12月20日『あわてんぼうのサンタクロース』
「卵焼きの味は夢の味」と「桜を思う日々」の主人公より
晴れていても寂しい青。そんな空。頬に当たる冷気に目を覚まし、あぁ、冬になってしまったんだなと空を見上げていたら、親しくなったおばさんに挨拶された。まだ商店街が眠っている時間。時計を見れば十時前。
「おはようございます。大分冷え込んできましたね」
そういう彼女は一宮加寿子さん。ふんわりとしたショールを肩にかけている。
私は白いエプロンに白い三角巾。友達にはもう少し可愛らしくしたら、と言われたのだけれど、それは性に合わない。
彼女は週に一度くらいのペースで惣菜を買いに来てくれる常連さんなのだ。そして、彼女は朝十時前。うちの開店に合わせるようにやってきてくれる。実は、加寿子さん、この店の先代からのお客さんなのだ。
「あら、いらっしゃいませ。お早いですね」
私のしたり顔にフフと柔和に笑う加寿子さんは、私と同じ「かずこ」と言う名前だった。でも、私と違って育ちがいいのだと思う。多分この辺りの地の人で。商店街の裏辺り、東山二丁目辺りは豪邸とまでは言わないが、旧華族の末裔とか『先生』とか呼ばれる人たちが住んでいるらしいから。それに、『加寿子』だって『寿』を『加』えるんだ。『わこ』と読める画数の少ない名前が太刀打ちできるはずがない場所の人。そんなことを考えているとフルートのように響く加寿子さんの声が耳に続いた。
「朝早くから、ごめんなさいね」
このフレーズを聞く時は、卵焼きだ。
「いえいえ、卵焼きですね」
加寿子さんの旦那さんが気に入ってくれているという卵焼き。私にとって、それはとにかく特別なことなのだ。しかし、心が跳ねてしまわないように、言葉にすれば、出てきた声色は今の心境の的を外していた。こういう所はお母さんに似ているんだ。おばちゃんじゃなくて。
「有り難いです。えっと、少し待って頂けたら焼きたてで出せますよ」
そう言うと、私は彼女を店の中にある上がり框に案内する。えっと、と見回すと仏壇の座布団が一番上等に見えた。後はせんべいだ。迷ったのは一瞬だったが、そろそろと厚めの座布団を上がり框に敷いてみた。悲しいことにうちの敷地、お客さんが座って待つだけのスペースが作れないし、惣菜屋に椅子を置くのもなんだか変な気がするから作ろうとも思わない。だけど、彼女には座って待って欲しかったのだ。
「すみません。こんなところで」
「いいえ、お気遣いありがとう」
厚めの座布団に感謝され、彼女が言われるままそこへ座るのを見届けたあと、卵を割りに調理場へと向かった。

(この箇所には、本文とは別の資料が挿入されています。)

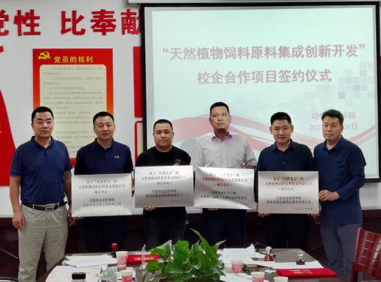 据悉,本次校企合作项目“天然植物饲料原料集成创新应用”由汤法银、樊克锋牵头,新乡博凯生物技术有限公司、河南炎黄生物工程有限公司、中兽医(汤阴)生物科技有限公司、漯河汇德生物科技有限公司、河南贝里奥生物科技有限公司、焦作八方本草生物科技有限公司、徐州天意动物药业股份有限公司、河南东灿药业科技有限责任公司、河南全印检测技术有限公司等9家企业合作参与。(樊克锋/文 李向辉/图)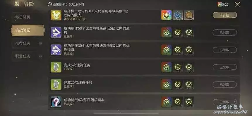 最後,每週更新的挑戰筆記中既可以通過挑戰每日隨機和臨危受命獲取戰鬥職業的額外經驗,還能通過製作、採集、釣魚、完成理符獲取生產職業的額外經驗,更新前記得查看一下是否已經領取。
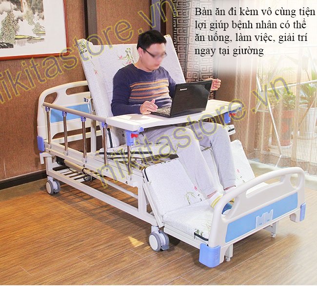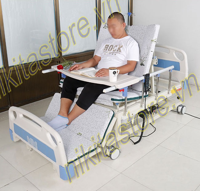 9: Chức năng bàn ăn ngồi ăn uống thư giản trên giường: DH-04 kết hợp chức năng nâng đầu và hạ chân để cho bệnh nhân ngồi giống một chiếc ghế thông thường. bàn ăn gác lên để đồ ăn, sách báo, điều khiển tivi vvv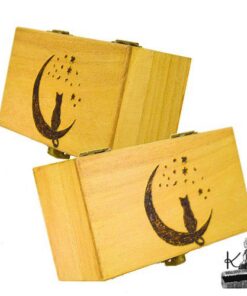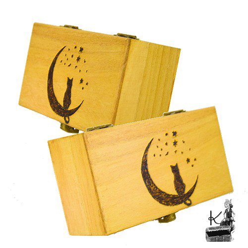 L’Écrin : Boîte en bois véritable, délicatement pyrogravée et cirée à la main.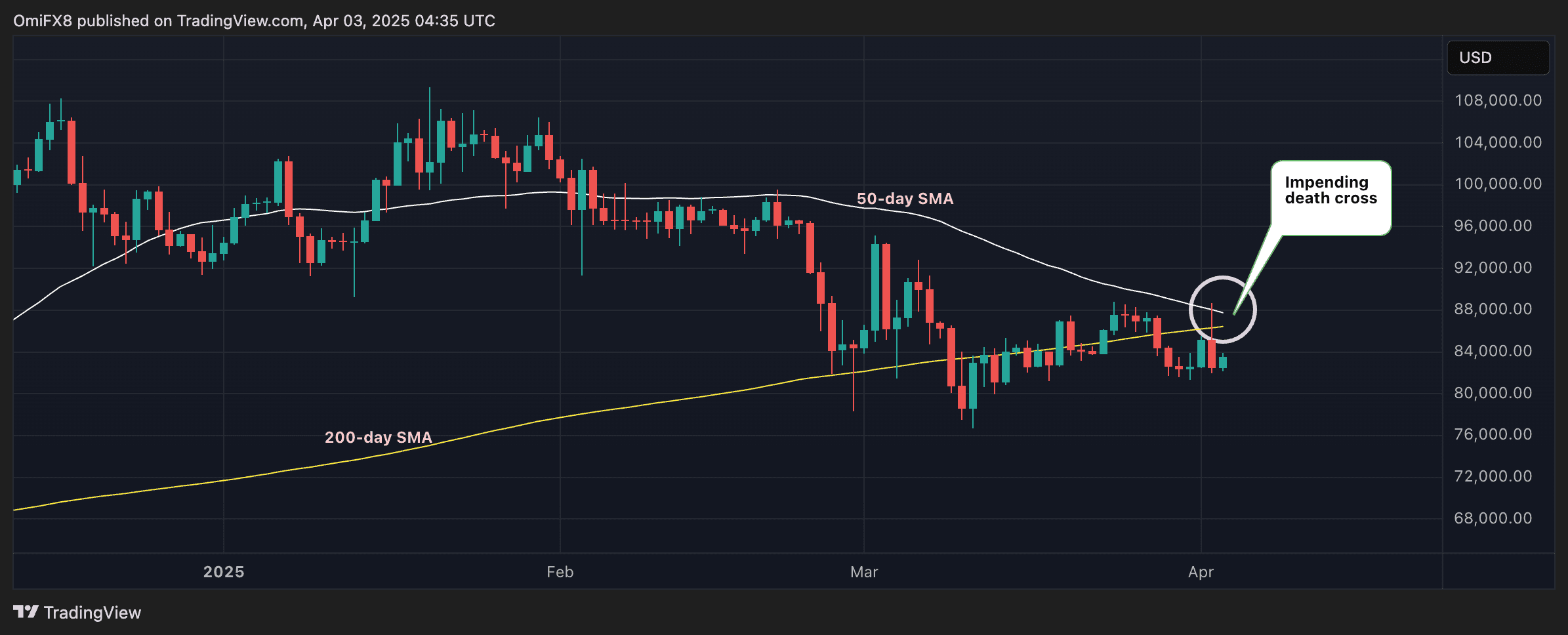 BTC Nears Death Cross, CNY Tumbles with Asian Markets After Trump Tariffs Put Focus on China’s Response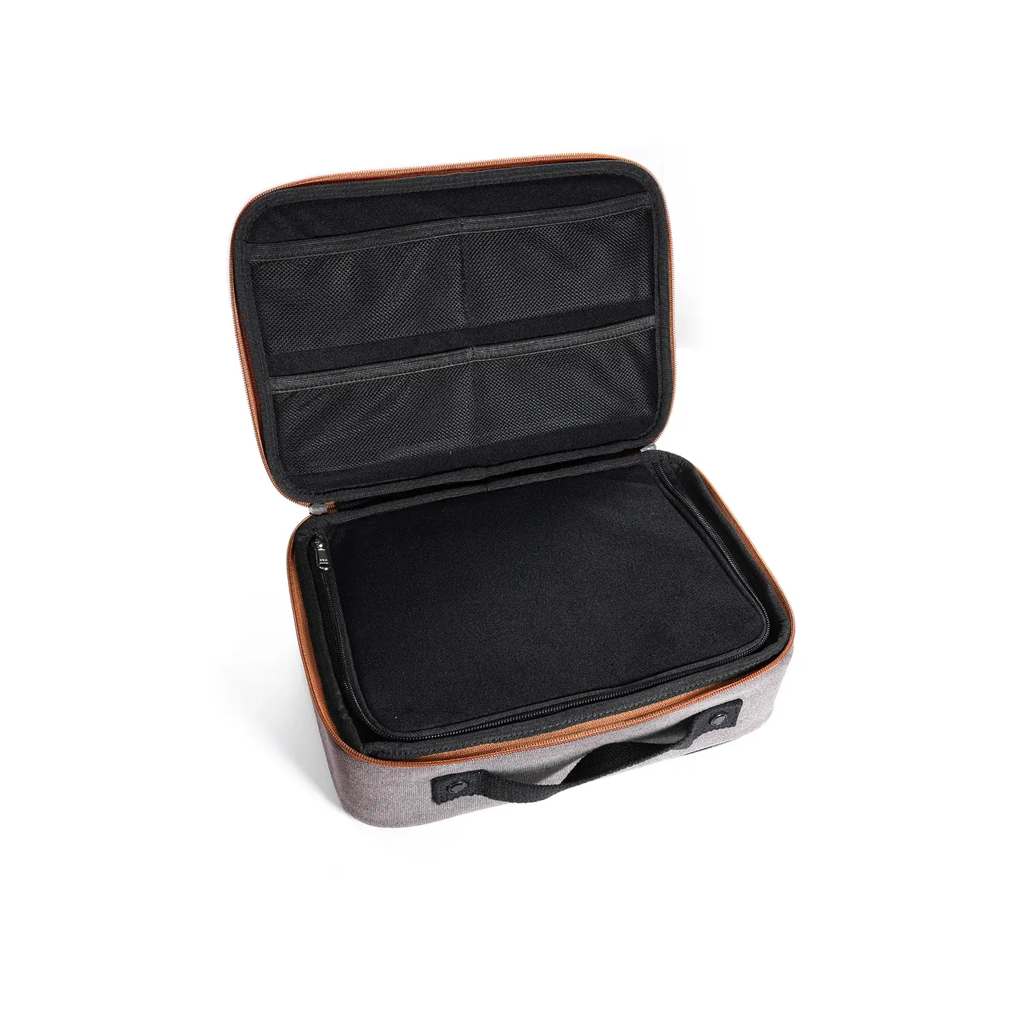В нем есть четыре длинных сетчатых кармана, подходящих для хранения ключей, кабелей для портативных устройств, адаптеров и других аксессуаров. Средний слой заполнен противоударными губчатыми материалами. Верхнюю крышку и нижнюю секцию можно разделить с помощью молнии.

「本当に申し訳ないわね。うちの主人、気に入ると五月蠅いのよ。それに、ここの卵焼きふんわりしていて本当においしいもの。お店がなくなった時は寂しかったけど、あなたが来てくれて嬉しいわ。あぁ、そうだわ。あそこのコンビニのおじさんとこ」
加寿子さんは実はおしゃべりだ。旦那さんと来ると、おしゃべりは旦那さんに任せるのだけど、一人で来るとずっと喋っている。そして、この辺りのことをよく知っていて彼女は私の情報源になっている。彼女の良いところは、その語りは毒がないこと。
「おじさんがどうしたんですか?」
「赤ちゃんがいるみたいね。おめでたいことだわ」
おばちゃんの時代を知っている、貴重でとても大切なお客様。
卵焼き器の鉄板に溶き卵が敷かれる。それとほぼ同時に響いた音楽。十時の時報代わりにもなる。
あ、商店街が目を覚ましたのだ。
アーケードを通り抜けた「あわてんぼうのサンタクロース」
クリスマスまでまだ少しあるけれど、赤いリボンでもつけておこうかしら。
ふんわり焼き上がった卵焼きを冷ます間に戸棚の引き出しを開いた。
「おめでたいですね」
今日の卵焼きはクリスマス仕様。いつも感謝しています。